Poor Neck Proprioception May Cause Balance Deficits in Myotonic Dystrophy 1 (CABLAMYD)

Impairment of balance and gait are frequent complaints in patients with myotonic dystrophy type 1 (DM1). In these persons, there is an increased risk for stumbles and falls when compared to normal subjects. An underestimated cause of falls might be the weakness of neck flexor muscles (due to cervical ataxia). It is well known that fibres of muscle spindles are receptors combining a specialized sub-set of muscle fibers with a specialized array of both sensory and motor nerve fibers. Spindles transduce into neural afferent discharges the muscle length and length changes. They are very dense in deep neck muscles, are crucial to body balance and gage orientation, and are severely affected in DM1. Preliminary results suggest that falls could reflect imbalance. These indicate that cervical ataxia may come into play because of muscle spindle fibre disruption. In light of the current knowledge on the physiology of balance and on the association between balance deficits and cervical dystonia in other clinical conditions (e.g., whiplash injury), a rationale is therefore offered to a confirmation of the hypothesis that DM1 patients may suffer from cervical ataxia.

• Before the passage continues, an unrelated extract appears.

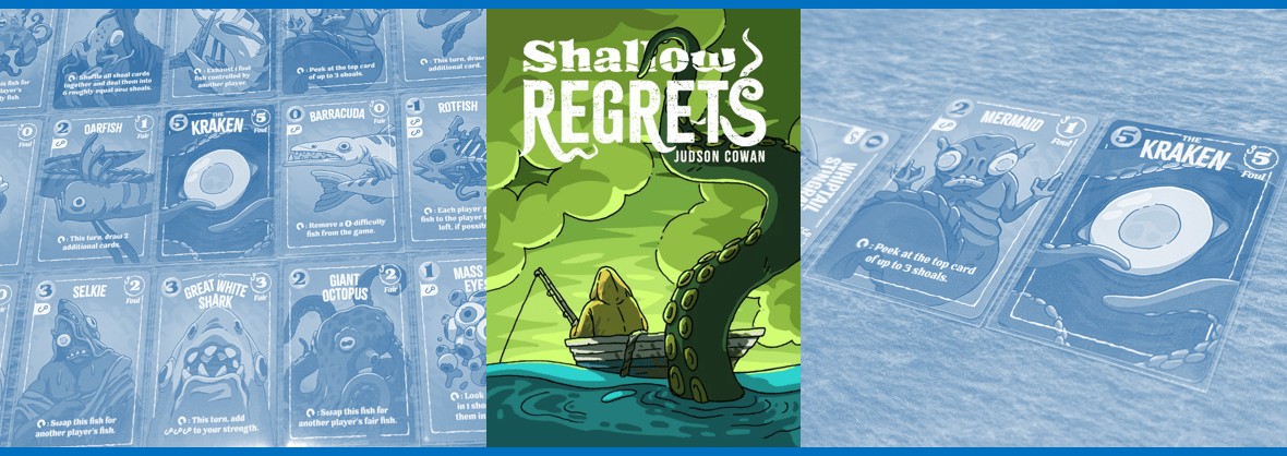 | – – CONCLUSION – – I bounced off of DEEP REGRETS, so it’s great that this more basic ButtonShy version scratches the ‘Regrets’ itch. The art work is outstanding, the abilities are equal parts fun and mean, and the whole game doesn’t outstay it’s welcome. It’s a shame that the expansion becomes a necessity to thicken the deck and take the edge out of losing fish so frequently. But overall, it’s fast become one of my favourite 18 Card games. |

The primary endpoint is the demonstration of an association between balance deficits in standing and cervical proprioception deficit in adults affected by Myotonic dystrophy 1.

Secondary endpoints are:

• the investigation of the correlation among the two deficits and the clinical conditions of patients,
• the definition of normative data in the measure of cervical proprioception in a sample of healthy participants.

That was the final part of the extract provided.